“Hope is like a road in the country: there was never a road, but when many people walk on it, the road comes into existence.” Lin Yutang
Our world’s survival depends on humans entering that road on a transitional journey to a World At Peace. As we move forward all men and women of peace must enlist others to join them in that journey.
It starts with a new way of thinking
“By Changing Your Thinking, You change your beliefs;
When you change your beliefs, you change your expectations;
When you change your expectations, you change your attitude;
When you change your attitude, you change your behavior;
When you change your behavior, you change your performance;
When you change your performance, you Change Your Life!”
Cogito ergo sum.

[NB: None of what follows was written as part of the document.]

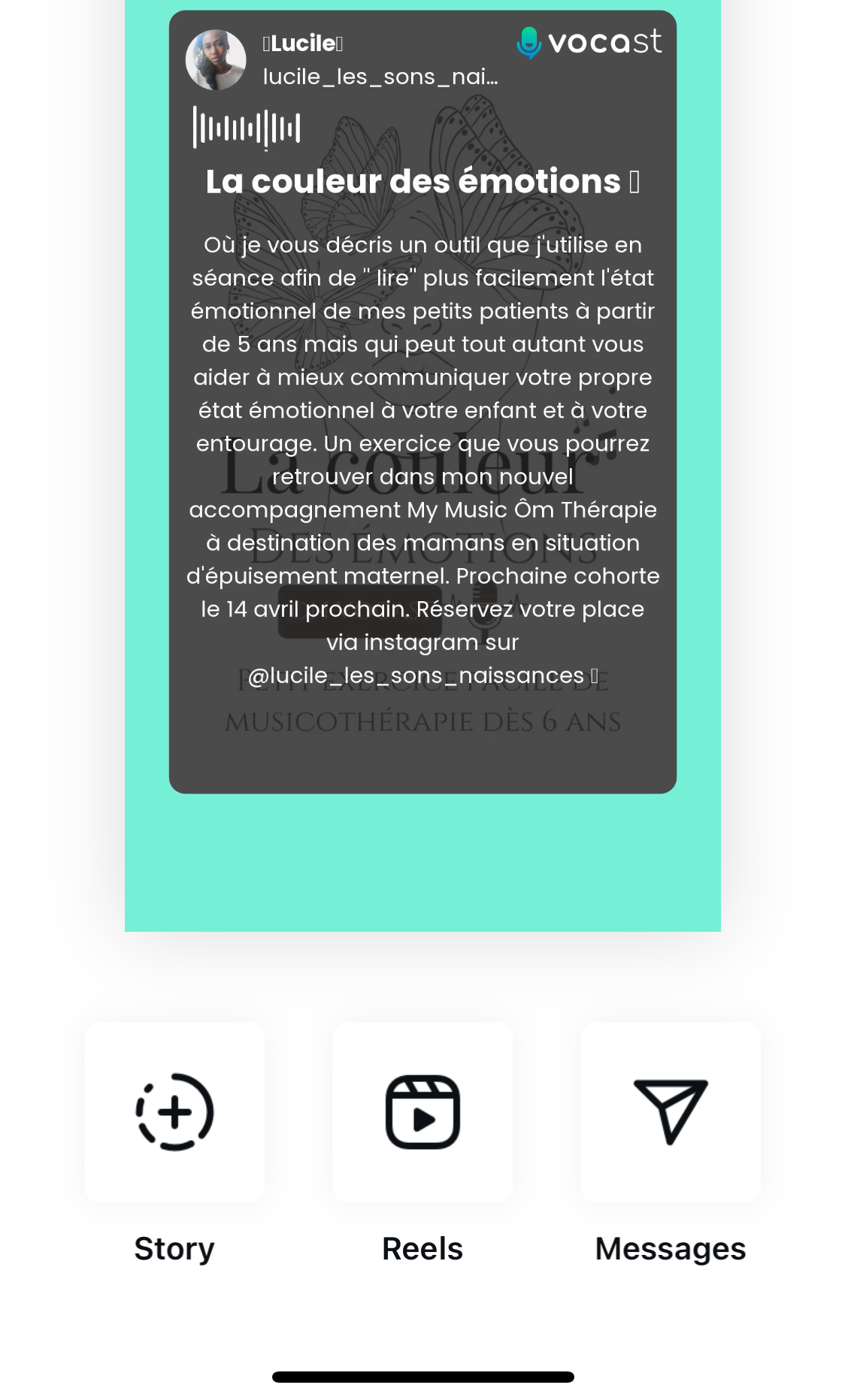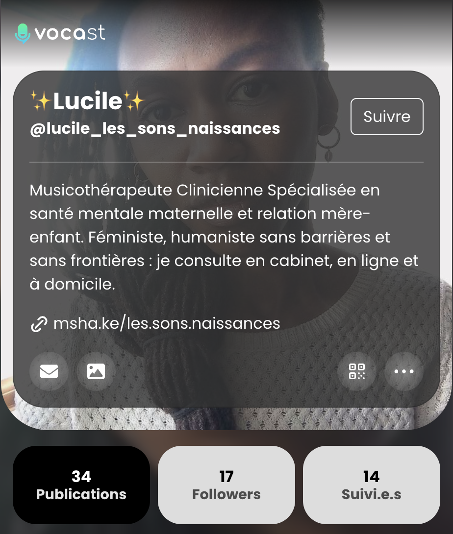 Lucile publie régulièrement des conseils audio et des anecdotes sur son quotidien de thérapeute sur son espace Vocast, elle les partage également sur ses réseaux sociaux afin d'alimenter son compte avec des nouveaux contenus.

I think, therefore “I Am:” the recognition of our internal world, our consciousness.
Thinking is the dialectic thought process of reasoning, consideration, and attention leading to the intention of human action. Thinking is an evolutionary process that has the effect of creating change. Thinking, this dialectic process of thesis and antitheses, and its sublation leading to individual human action without the influence of propaganda, involves the induction of considerable facts, their analogy, as well as their perceptual deduction, which will lead to change by influencing others to the extent where there are viable and achievable outcomes.

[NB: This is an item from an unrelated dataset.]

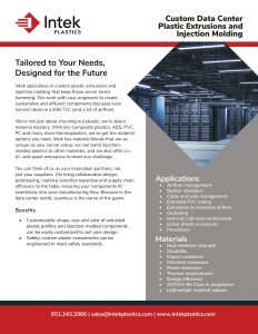 Intek specializes in delivering precision custom data center plastic extrusions and plastic injection molded parts. Our dedicated team works closely with your engineers to create sustainable and efficient plastic components that meet your specifications and are designed with the future in mind.

Thinking is the being and becoming of human action, the generative process of change.
We must change our thinking to a belief where war as necessary to a belief that peace is attainable and viable; change our expectations that all conflict can be managed without violence; change so that we understand that we are in control of our attitude toward adversity; change so that we understand that our behavior is important to setting best examples and best practices; and change our thinking to an understanding that as a consequence our performance must be to provide leadership for peace: We must be a voice for peace.
Changing our thinking, and consequently our attitude toward religious ideology and avarice, which are the main causes of violence, and acting in opposition and in deterrence to their inevitable, visceral consequences, is a matter of conscience.

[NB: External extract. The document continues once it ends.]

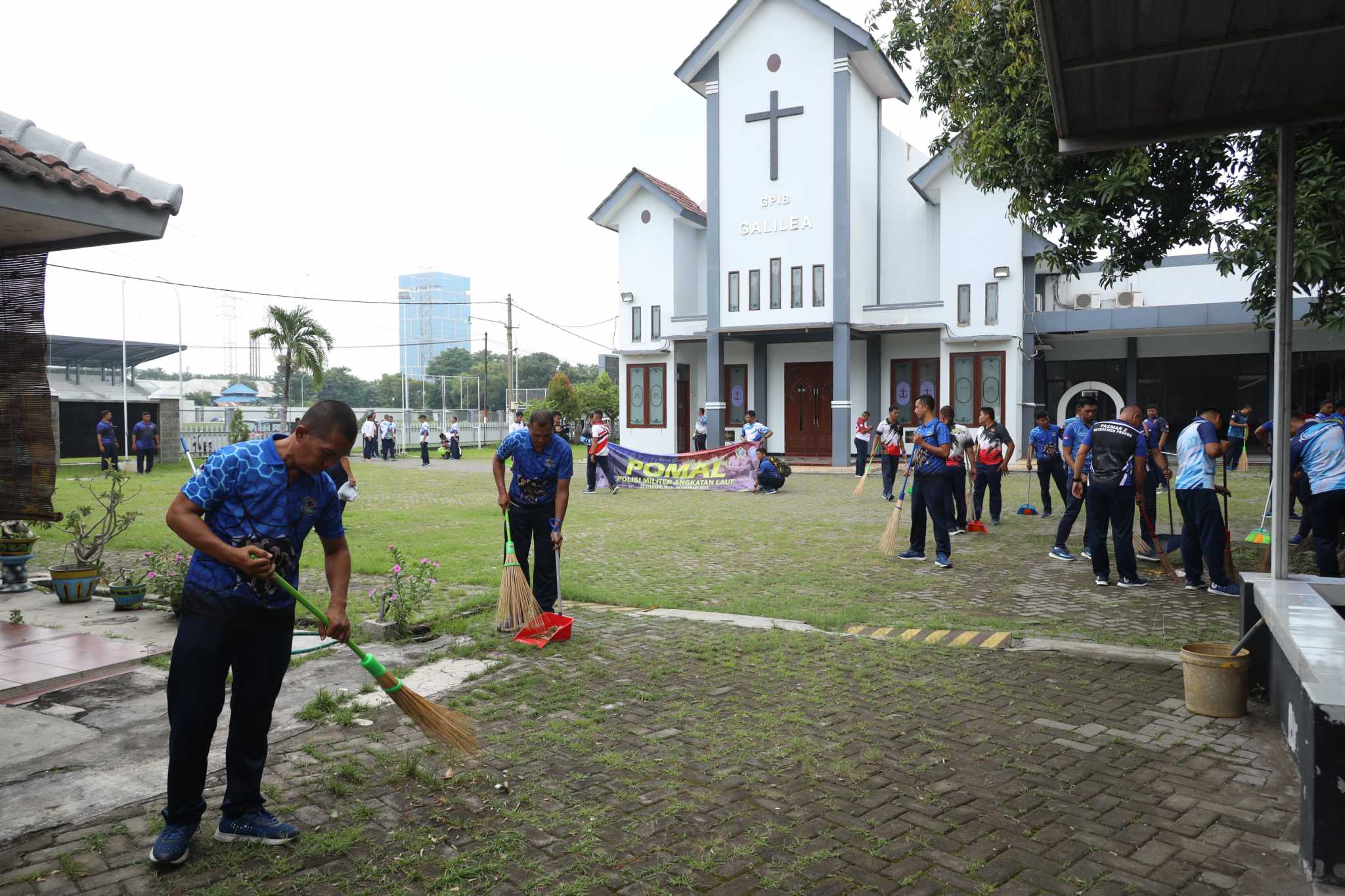 Adapun tempat ibadah yang menjadi sasaran kegiatan ini antara lain Masjid Ampel, Pura Jala Wira Dharma Koarmada II, dan Gereja GPIB Galilea. Dengan semangat kebersamaan, para prajurit bahu-membahu membersihkan area ibadah, menciptakan lingkungan yang lebih nyaman dan asri bagi para jamaah.

Trita Parsi, the author of “Treacherous Alliance,” states that as long as we treat our differences as ideological (political, cultural, and religious) rather than as solvable strategic tasks, violent or vitriolic threats of violent conflict will continue. Although Dr. Parsi is speaking of the dealings between Israel, Iran, and the United States, this statement has universal application.
For there to be a world at peace there has to be a completely new way of thinking.